The latest miracle machine of modern medicine (increasingly used) is called ECMO and can save people literally on the brink of death. I'm talking about people without functioning lungs, trapped underwater, or with stopped hearts.
What is ECMO medicine, the machine that puts death on standby? First of all, ECMO is not a convenient tool: for every person saved by ECMO (the acronym stands for Extracorporeal Membrane Oxygenation, in Italian Extracorporeal Membrane Oxygenation) there is one that dies despite its use.
ECMO is the most aggressive life support procedure, very expensive and demanding for the patients themselves: almost a trick against death. Indeed, to be honest: it is the exact opposite of the "death machines": in a certain sense it "tortures" the body to keep it alive. It pumps blood out of the body, oxygenates it and reintroduces it inside, keeping a person alive for days, weeks, months even with a stopped heart or lungs.
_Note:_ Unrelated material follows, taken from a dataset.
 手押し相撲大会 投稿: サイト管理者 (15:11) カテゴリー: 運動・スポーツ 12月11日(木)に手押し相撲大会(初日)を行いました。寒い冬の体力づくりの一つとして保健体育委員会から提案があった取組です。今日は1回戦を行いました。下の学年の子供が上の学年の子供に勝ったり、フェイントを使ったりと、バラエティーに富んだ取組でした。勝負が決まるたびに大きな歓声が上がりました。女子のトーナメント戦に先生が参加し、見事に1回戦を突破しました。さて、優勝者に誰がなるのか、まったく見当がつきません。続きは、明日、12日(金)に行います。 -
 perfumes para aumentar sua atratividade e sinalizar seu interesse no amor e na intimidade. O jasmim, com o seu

This machine created “a new paradigm,” according to Dr. Kenneth Prager, director of clinical ethics. “You can have a patient with a heart that no longer beats, but still keep him alive and awake thanks to the ecmo. You can put death on standby.”
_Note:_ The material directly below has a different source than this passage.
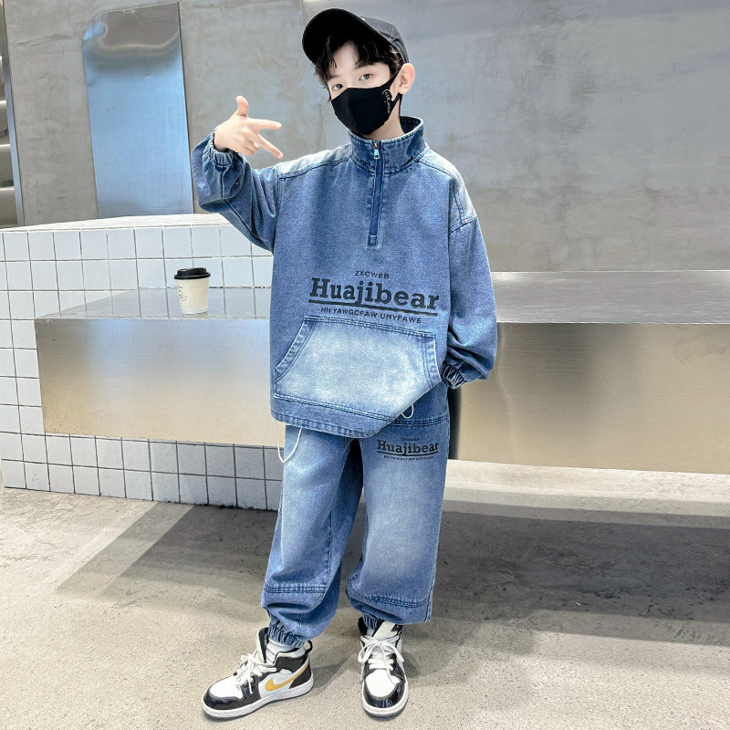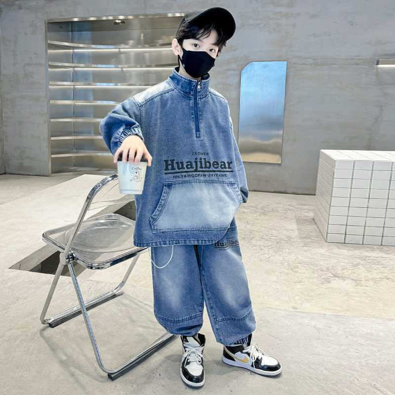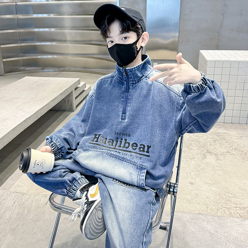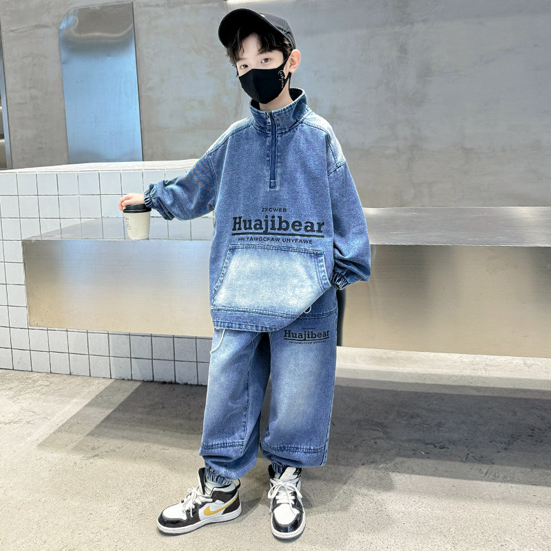儿童装男童春装套装2026新款中大童春秋款衣服男孩酷帅牛仔春季潮

Created to give life support to newborns, the ECMO is increasingly used also on adults. In the USA procedures have tripled in the last 4 years according to the Federal Health Research Agency.
ECMO is not designed as a solution to a problem (it is not) but as a bridge that saves the patient until recovery, recovery or transplant. But when patients are too sick, ECMO becomes just a very expensive (and cruel, in some ways) limbo that leaves them awake and conscious but with zero chance of survival without the machine. Doctors and family members only need to determine when to unplug and watch the patient end.
ECMO machinery: very high cost
Really. The average ecmo cost is around 600.000 euros per week. The heart-to-machine-price ratio is prohibitive. In a recent case, a hospital asked 4.5 million euros for less than 60 days of stay for a 19-year-old with a very serious respiratory syndrome, who remained in a coma awaiting a lung transplant that did not arrive.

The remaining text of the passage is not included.